2. Dans son rapport, le gouvernement déclare qu’il a indiqué dès le début que le Japon a déjà réglé avec les gouvernements intéressés les questions relatives aux réparations, aux biens et aux revendications ayant trait à la dernière guerre mondiale, et que les questions que la commission d’experts a soulevées relèvent de celles qui ont été réglées. Par conséquent, le gouvernement du Japon considère que l’OIT ne devrait plus les examiner. A cet égard, le gouvernement se réfère au Traité de paix de San Francisco, aux traités de paix bilatéraux et aux autres traités et accords conclus entre le Japon et l’Indonésie, la Chine, la République de Corée et les Etats-Unis qui, tous, comportent des dispositions en vertu desquelles sont exclues les actions individuelles en justice contre le Japon qui émanent de citoyens de ces pays. Le gouvernement indique également qu’il a exprimé formellement et à plusieurs reprises ses regrets et versé des sommes importantes à plusieurs des pays concernés à des fins d’aide au développement. Le gouvernement ajoute que, à l’évidence, … ces questions ne font pas partie des sujets d’actualité que l’OIT examine.

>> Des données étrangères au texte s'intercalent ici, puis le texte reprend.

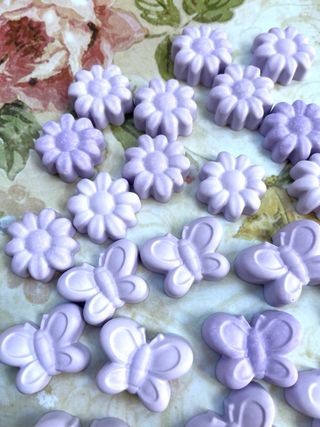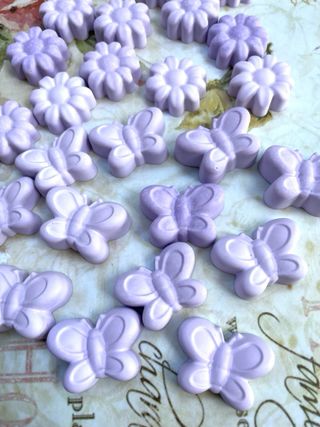 25 gessetti profumati fiore e farfalla 3x3cm colore lilla
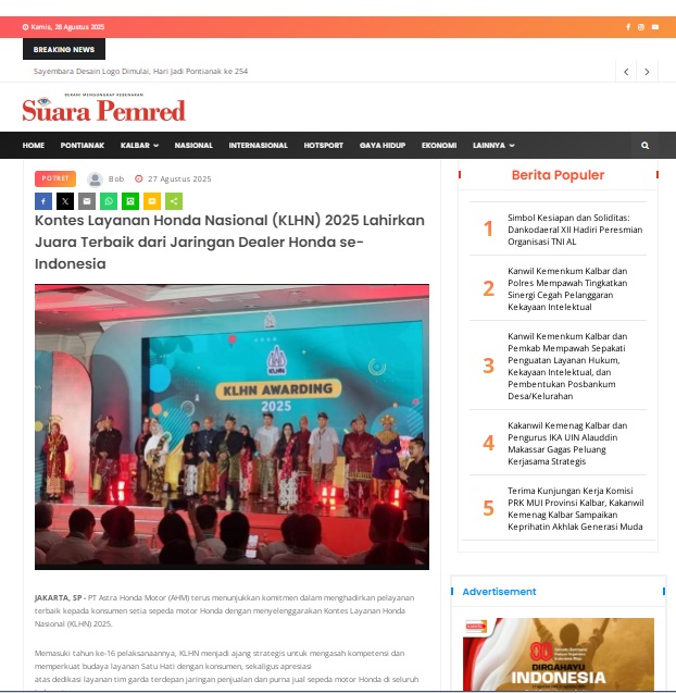Kontes Layanan Honda Nasional (KLHN) 2025 Lahirkan Juara Terbaik dari Jaringan Dealer Honda se-Indonesia by masmul 27 Agustus 2025 in Silahkan kunjungi https://www.suarapemredkalbar.com/read/potret/27082025/kontes-layanan-honda-nasional-klhn-2025-lahirkan-juara-terbaik-dari-jaringan-dealer-honda-se-indonesia. You Might Like Regional Public Launching New ADV160 The SUV Pride Grand Launching New PCX 160 Truly Exceptional! Tetap hati-hati ya bro sist berkendara saat hujan.
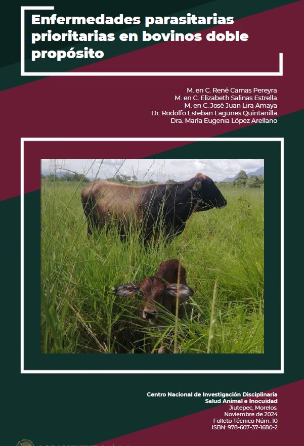 El sistema doble propósito se práctica ampliamente en regiones tropicales. En estos sistemas, diversos grupos de patógenos como los parásitos afectan el estado de salud de bovinos en forma aguda o crónica. En este sentido, existen diversas innovaciones tecnológicas que pueden permitir mejorar el diagnóstico, control y prevención de algunas enfermedades parasitarias prioritarias en bovinos. Por ello, el presente folleto busca brindar conocimientos prácticos y herramientas que permitan mejorar el manejo sanitario de estas parasitosis prioritarias en bovinos de sistema doble propósito, característico de regiones tropicales en México.
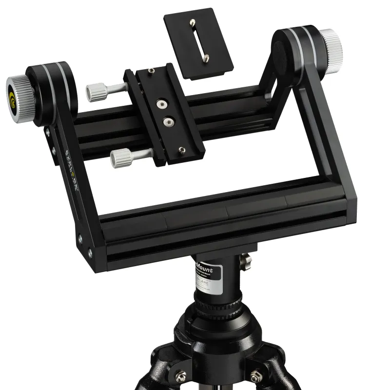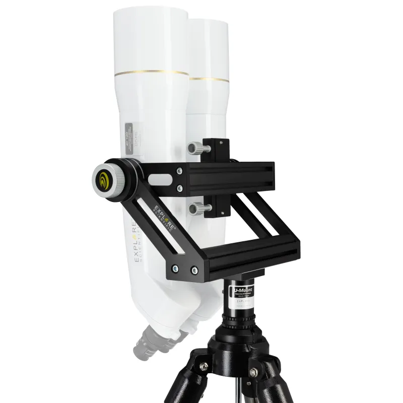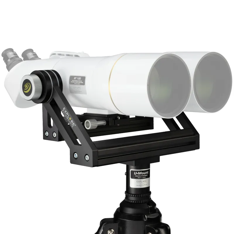 Massive fork mount with excellent and adjustable mechanics for large binoculars with tripod When using giant binoculars, a stable mount and tripod with an appropriate load capacity is absolutely necessary. The new EXPLORE SCIENTIFIC U-mount with field tripod has been specially designed for the EXPLORE SCIENTIFIC BT series of giant binoculars, but also fits most other binoculars from 70 to 120mm lens diameter, which have a 1/4 inch photo thread connection on the underside. With the U-mount there is no shaking or annoying vibrations, the combination is as solid as a piece of iron and provides unlimited observation pleasure in all binocular adjustment positions. Whether you are observing the starry sky or the landscape, the U-mount is a solid base for your giant binocular and allows soft and smooth movements in both axes. The U-mount as a base for giant binoculars and always with you on every excursion An easily transportable but solid mount is essential when using giant binoculars. A simple photo tripod with ball head or video tilt head is quickly overloaded here. The new EXPLORE SCIENTIFIC U-mount has an excellent mechanism with adjustable friction in both axes, and allows easy adjustment and tracking even when the load is fully utilised. Depending on the adjusted intensity of the friction, the binocular position is kept stable or a soft and smooth movement can be achieved. The large adjustment screws on both axes are smooth and easy to operate even with gloves and clammy fingers. Vibrations are reduced to an absolute minimum by the solid construction of the U-mount. Even at high magnification, there are no shakes and the finest details can be observed. The U-mount and tripod can be separated for easy transport. Mounting the large binoculars on the U-mount The binoculars can be mounted and removed in a few seconds using the quick-release adapter plate included in the scope of delivery. This is a major advantage, especially for mobile outdoor use. The connection between binoculars and adapter plate is made by two 1/4 inch threaded bolts (standard photo tripod thread), which are variably guided in a slotted hole. A universal use with different binoculars is thus possible. The double screw connection guarantees a very secure fit of the binoculars. The adapter plate itself is also attached to the U-mount with the help of two large clamping screws, which are easy to use even when wearing gloves. Nothing wobbles here and all controls are easy to use.
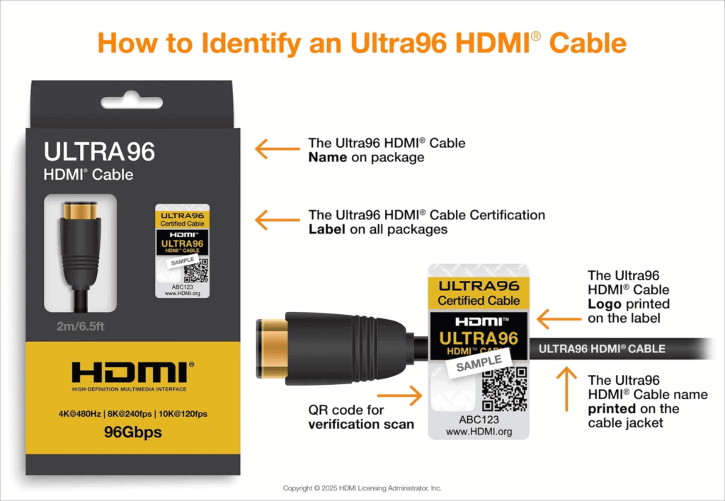 Для работы с HDMI 2.2 потребуются новые устройства с поддержкой стандарта, сертифицированные кабели Ultra96 (прошедшие обязательное тестирование), а также необходимо проверять наличие официальной маркировки Ultra96 на продукции, так как предыдущие версии кабелей и оборудования не смогут обеспечить полную функциональность нового стандарта.
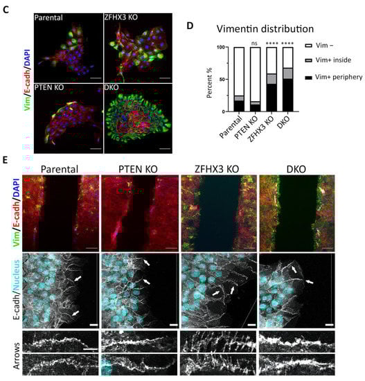 We paid special attention to the position of vimentin-positive (Vim+) cells, either inside or at the border of islets. In parental MCF10A, Vim+ cells often localized at the border of islets. The very rare Vim+ cells in PTEN KO cultures were also localized at the periphery of islets. In ZFHX3 KO cultures, the number of Vim+ cells significantly increased both inside and at the periphery of islets. DKO exhibited an additional increase of Vim+ cells, most of which localized at islets’ periphery (Figure 5C,D).
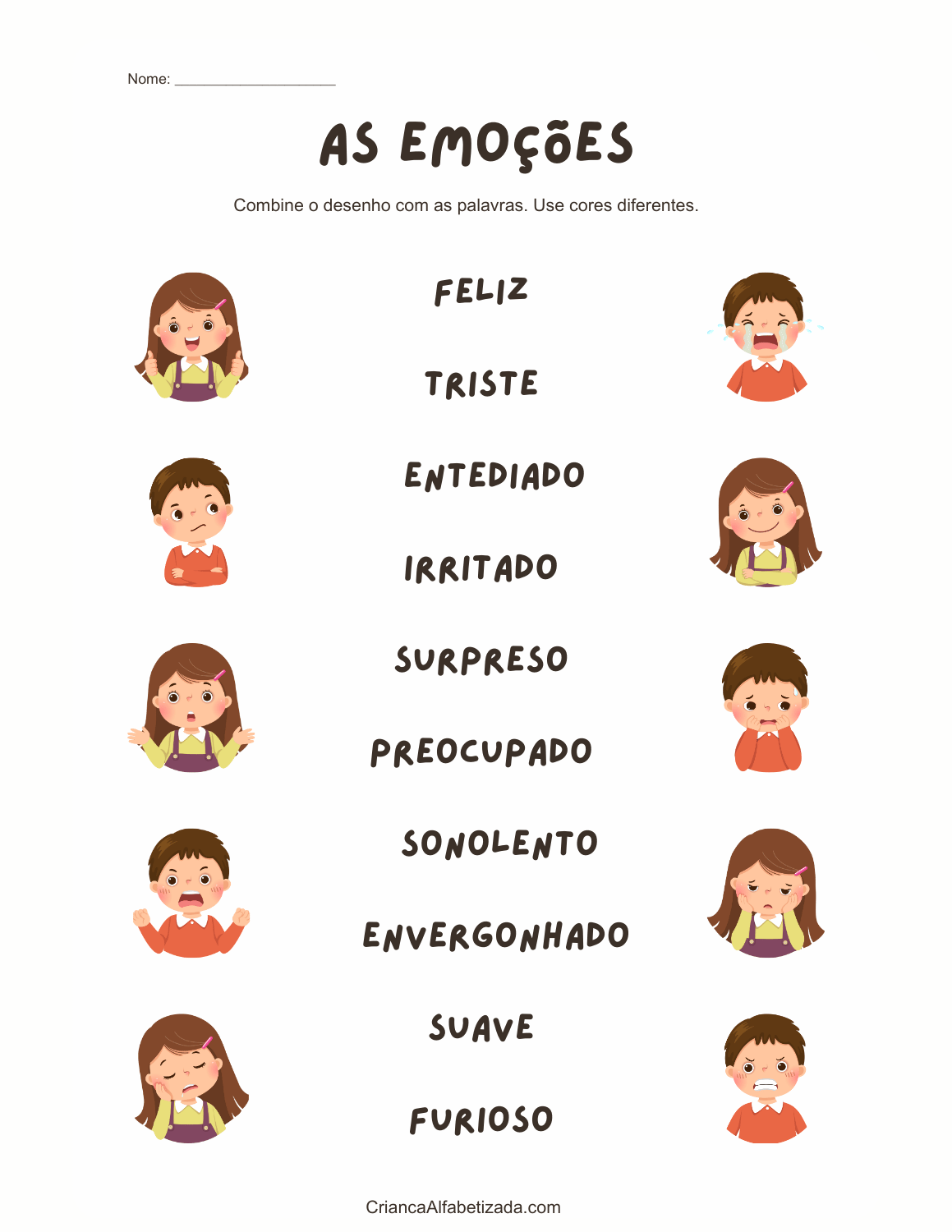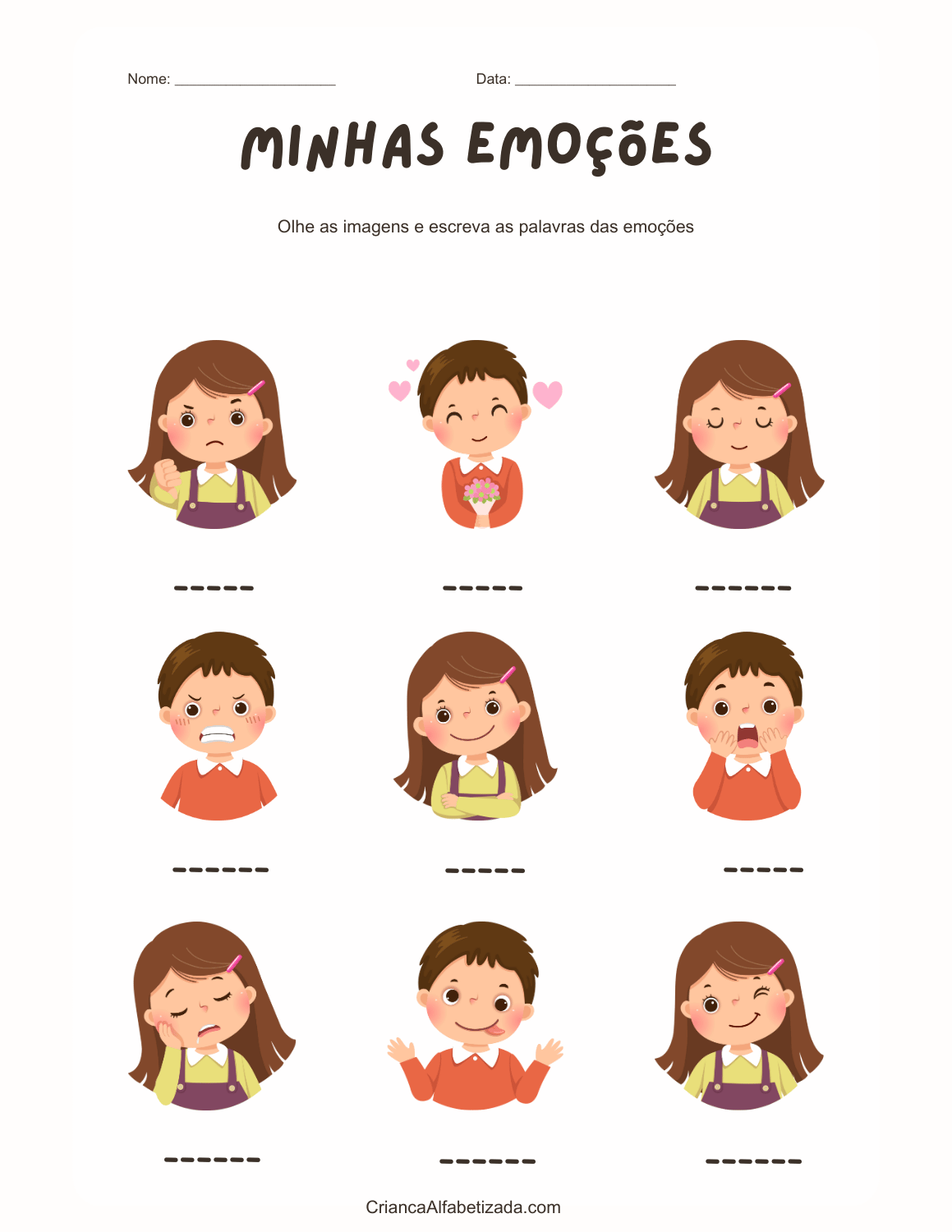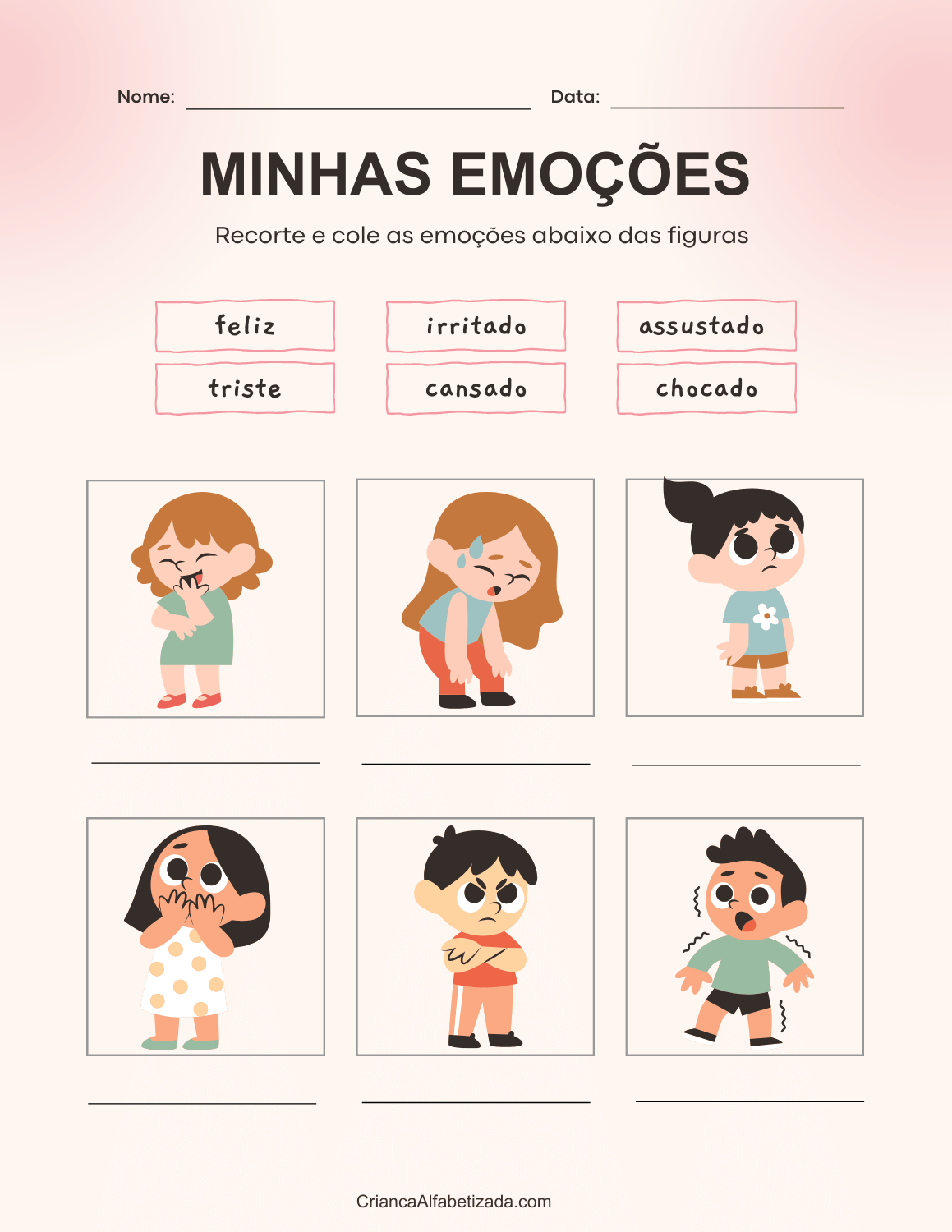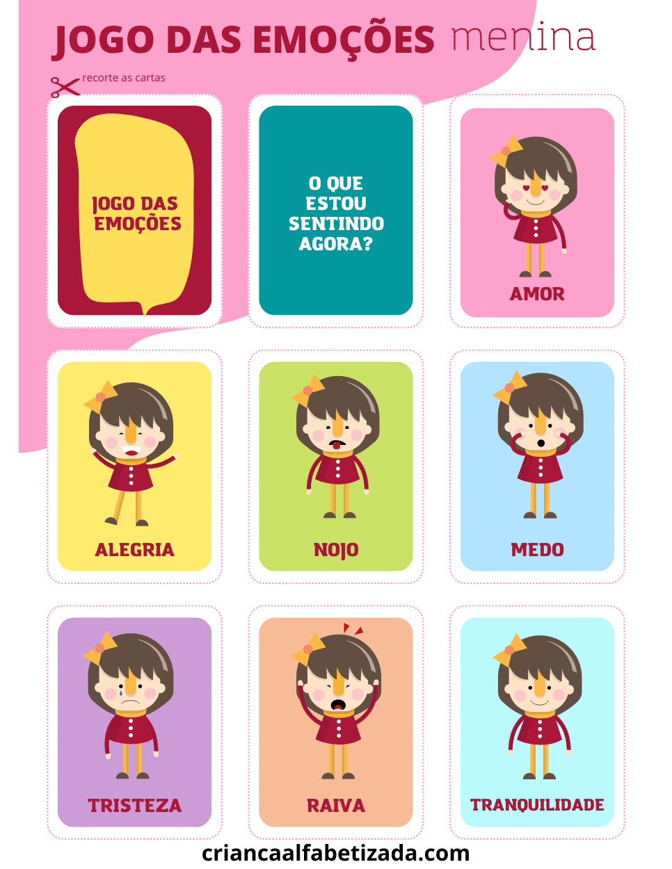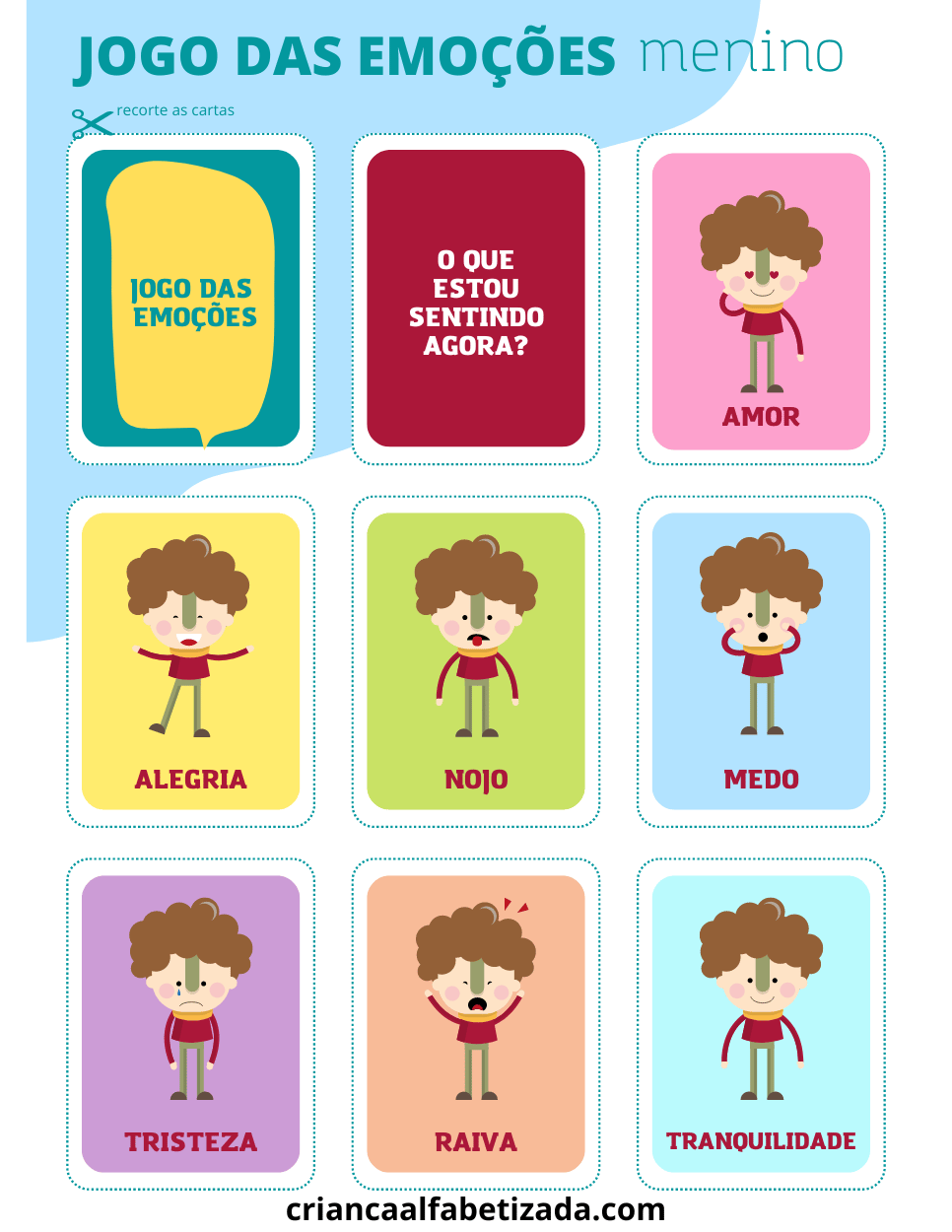 Baixar as duas imagens e recorte as cartas (flashcard). São 7 cartas de diferentes emoções para meninos e 7 cartas para meninas. Vai aprender as emoções como amor, alegria, nojo, medo, tristeza, raiva e tranquilidade.

Le gouvernement du Japon exprime donc fermement l’espoir que la commission d’experts se saisira de ces questions et en délibérera pour la dernière fois. Le gouvernement fait également mention des commentaires de la Confédération japonaise des syndicats (JTUC-RENGO), communiqués dans une lettre en date du 20 octobre 2000, qui indiquent que la Confédération soutient le rapport du gouvernement du Japon et insiste également avec force qu’il serait bon que la commission cesse de délibérer sur ces cas.
3. La commission reconnaît que, au regard du droit, le gouvernement a raison de déclarer que des questions relatives aux réparations ont été réglées par voie de traité. Toutefois, elle estime qu’il importe de continuer d’examiner les commentaires abondants des syndicats à ce sujet et l’évolution du traitement des demandes de réparation, et de fournir des informations sur la manière dont le gouvernement considère ces questions. Elle espère qu’il ne sera plus nécessaire, lors de ces prochaines sessions, de revenir sur ces questions.
4. La commission note que, outre les observations des organisations de travailleurs qu’elle examine plus loin, elle en a reçu du Conseil local de Tokyo des syndicats - Tokyo-Chihyo, dans une lettre du 1er novembre 2000. Cette communication a été adressée au gouvernement pour qu’il puisse, s’il le souhaite, s’exprimer à ce sujet, et elle sera examinée dès que le gouvernement aura présenté ses commentaires.
5. Dans ses observations précédentes, la commission avait pris note des violations flagrantes des droits de l’homme et des abus sexuels perpétrés à l’encontre des femmes détenues dans les garnisons militaires appelées «comfort stations», durant les années qui ont précédé la deuxième guerre mondiale et pendant celle-ci. Ces femmes avaient été forcées de fournir des services sexuels aux militaires. La commission avait considéré que cette situation violait les exigences de la convention et que des abus aussi intolérables devaient donner lieu à des réparations appropriées, même si elle n’était pas habilitée à prescrire des réparations. La commission avait déclaré que ces réparations ne pouvaient être allouées que par le gouvernement en tant qu’entité responsable aux termes de la convention et elle avait exprimé l’espoir que, compte tenu du temps qui s’était écoulé depuis ces événements, le gouvernement accorderait toute l’attention et la diligence voulue à cette question. La commission note que les délégués travailleurs de la Commission de l’application des normes de la Conférence ont déclaré en 1998 que, si le cas ne devait pas être examiné de manière approfondie par la Commission de la Conférence, ils espéraient que le gouvernement rencontrerait les syndicats et les organisations représentatives des femmes concernées, ainsi que d’autres gouvernements, afin de trouver une solution effective aux attentes de la majorité des victimes.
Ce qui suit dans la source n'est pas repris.